▶ [INPUT DATA]
┄┄┄┄┄┄┄┄┄┄┄┄┄┄┄┄┄┄┄┄
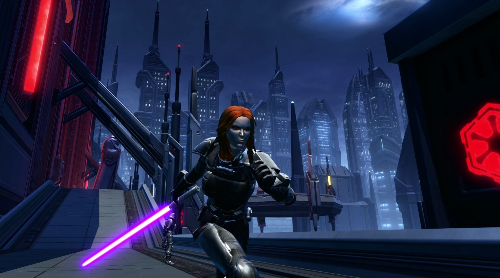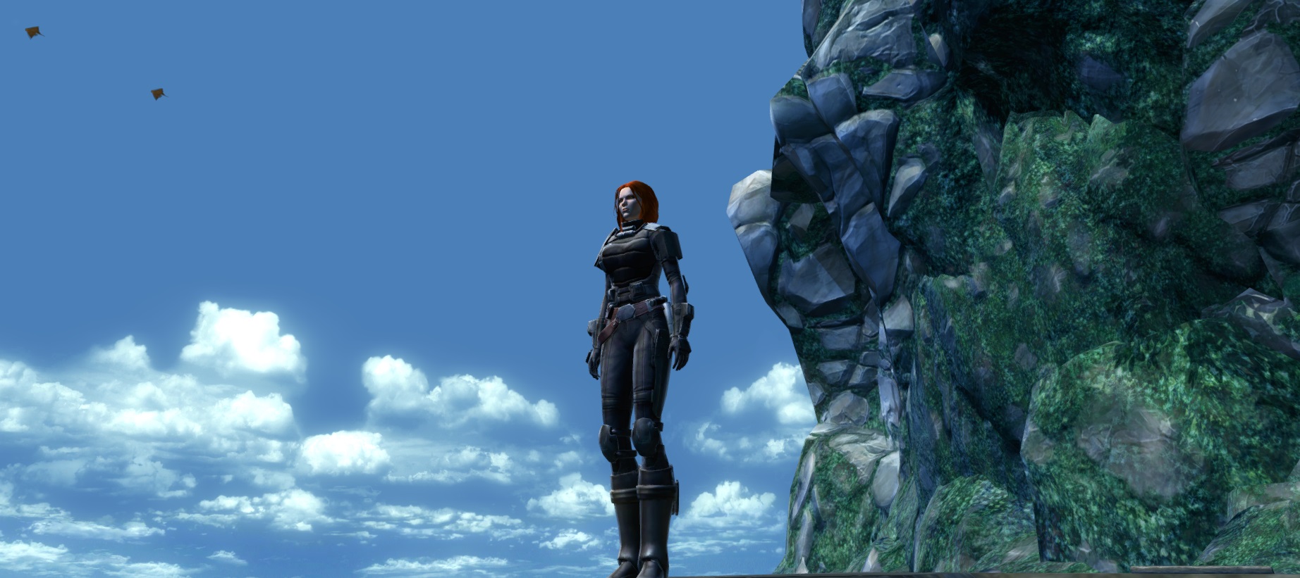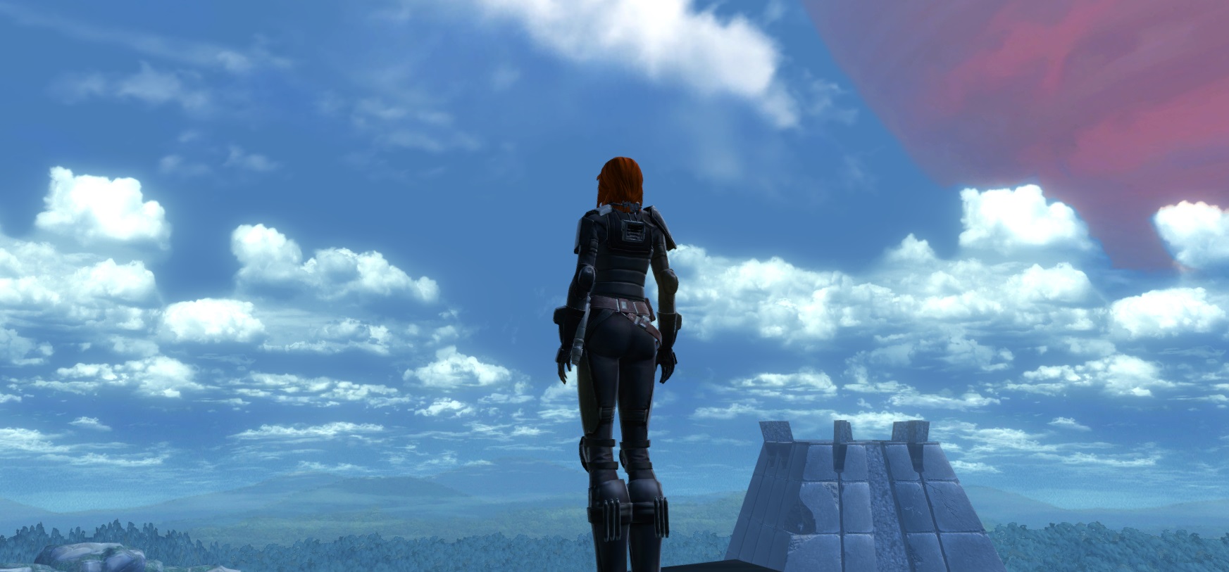 This character and outfit are inspired by Mara Jade’s appearance as the Emperor’s Hand in the “Choices of One” novel. While maintaining her clandestine appearance, this look is a departure from the iconic catsuit in which Mara Jade is typically depicted, instead opting for a more padded, utilitarian design. The majority of this outfit is from the Remnant Resurrected Agent set, the only changes being the Elegant Duelist’s Belt and the Remnant Arkanian Smuggler’s Boots. Along with her purple lightsaber blade, Daara Jem is ready to carry out the Sith Emperor’s will.
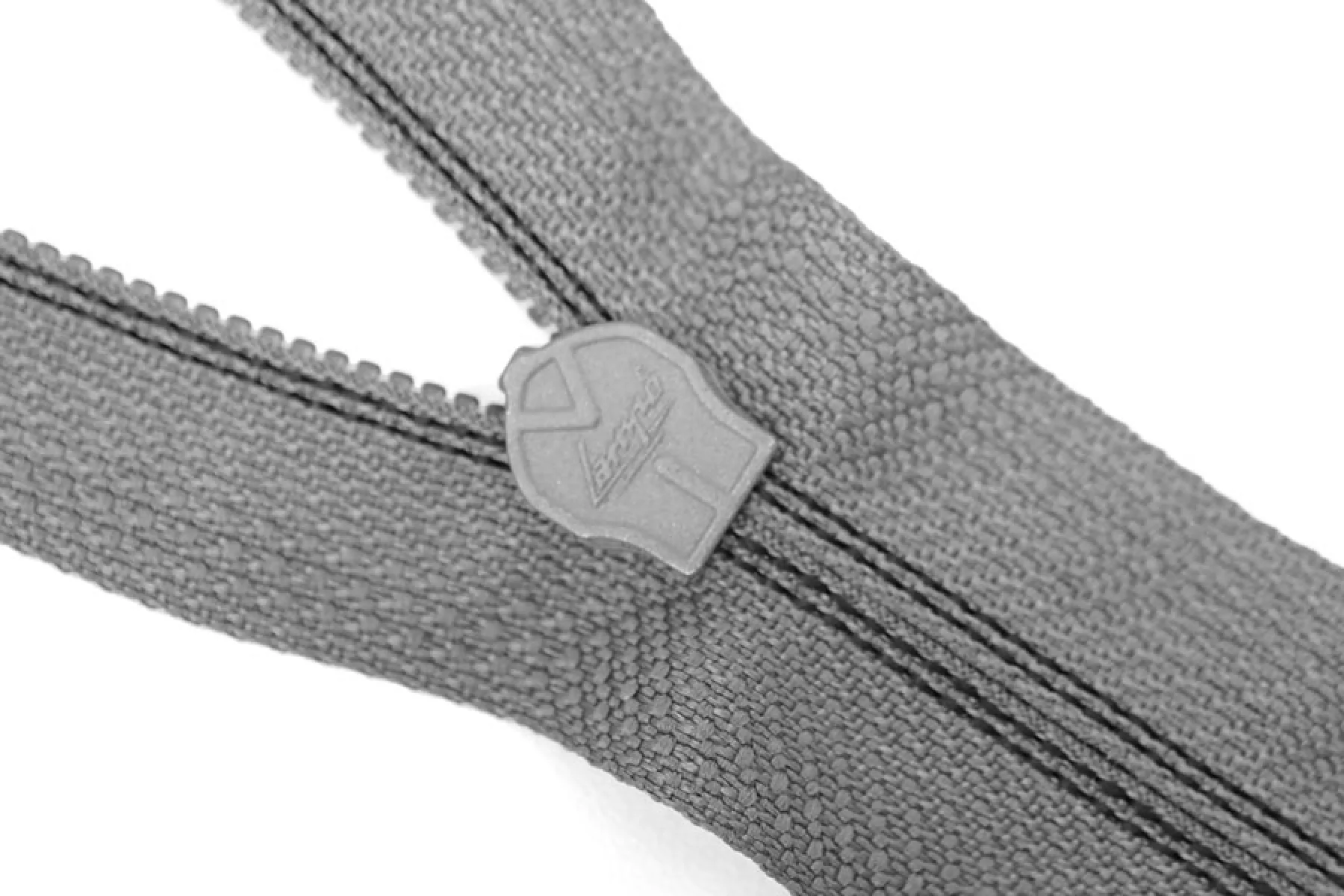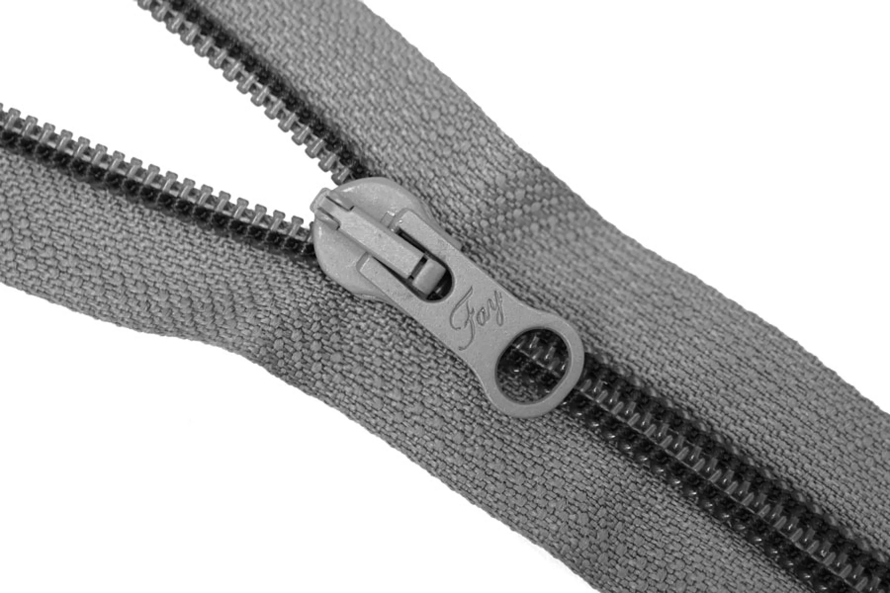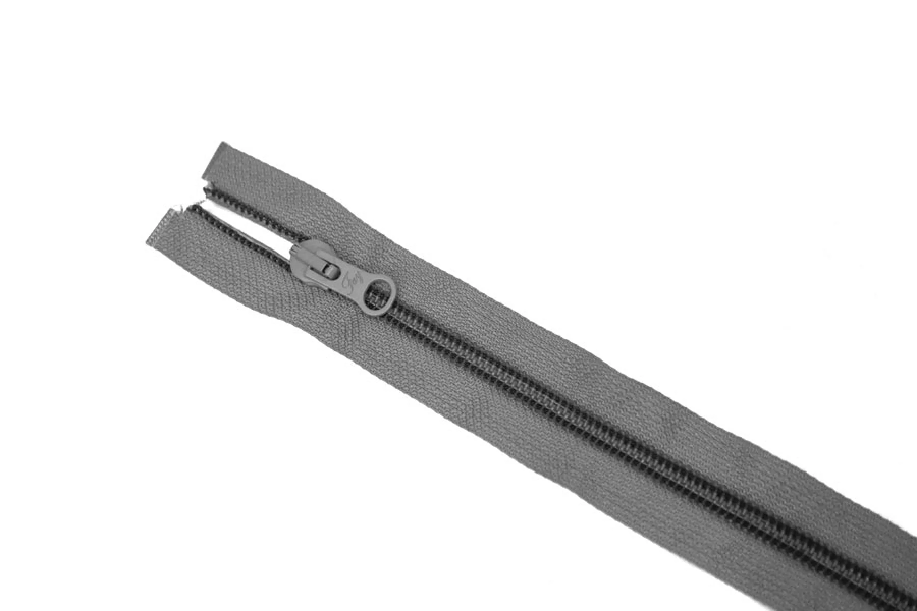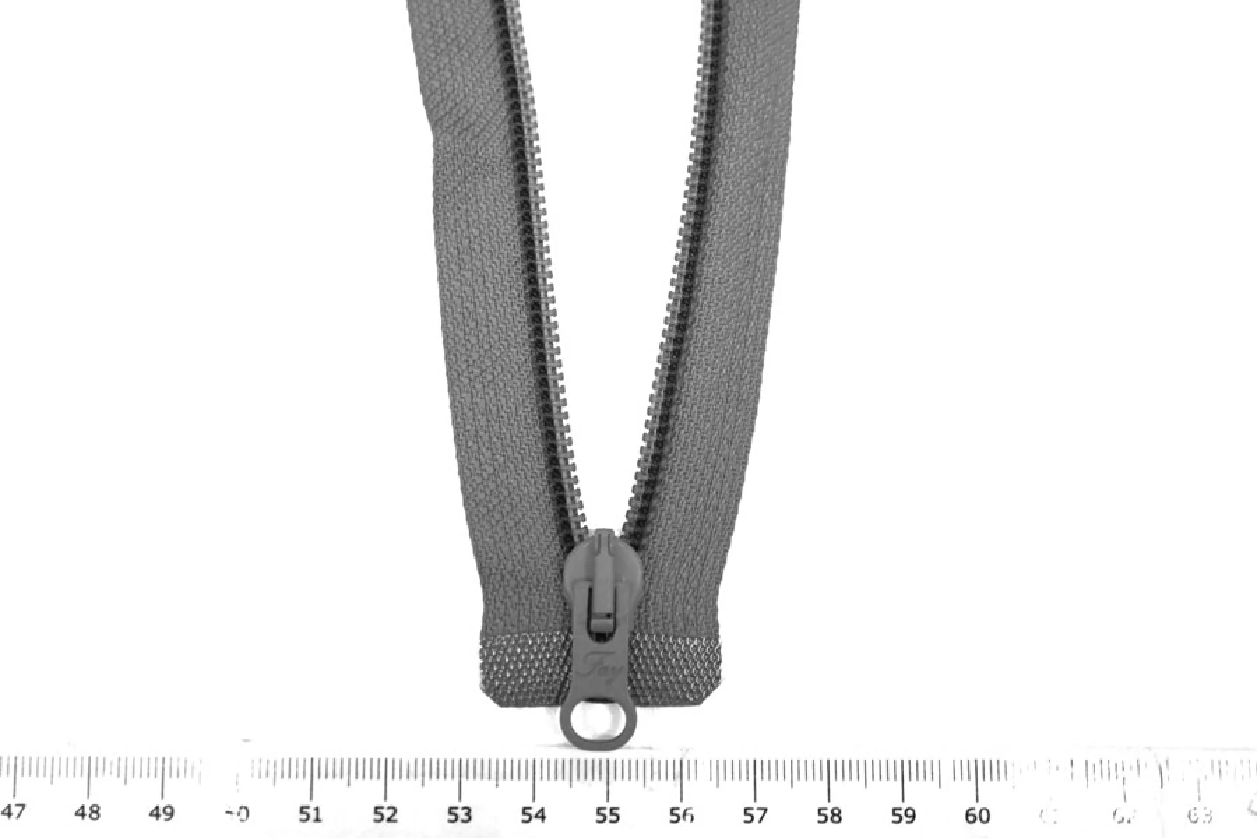 Молния от Итальянского производителя "Lampo" разъемная, однозамковая, серого цвета, цвет зубцов - серый пластик, слайдер - серого цвета, металлический, пулер - металлический серого цвета. Ширина молнии - 3,0 см, ширина зубцов 5 мм. Длина молнии 57 см.
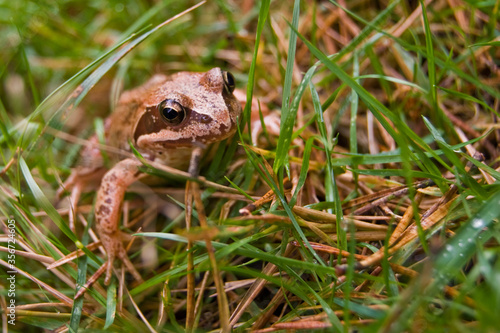 © Carlos, Fototapeta premium rana bermeja en la hierba de un monte de galicia, espa√±a
┄┄┄┄┄┄┄┄┄┄┄┄┄┄┄┄┄┄┄┄
▶ [WHAT YOU HAVE TO DO] No pictures should appear in the copy. Reproduce exactly the lines from the line containing "Молния от Итальянского" through the last line of the data, inclusive.

▶ [TASK SOLUTION]
 Молния от Итальянского производителя "Lampo" разъемная, однозамковая, серого цвета, цвет зубцов - серый пластик, слайдер - серого цвета, металлический, пулер - металлический серого цвета. Ширина молнии - 3,0 см, ширина зубцов 5 мм. Длина молнии 57 см.
 © Carlos, Fototapeta premium rana bermeja en la hierba de un monte de galicia, espa√±a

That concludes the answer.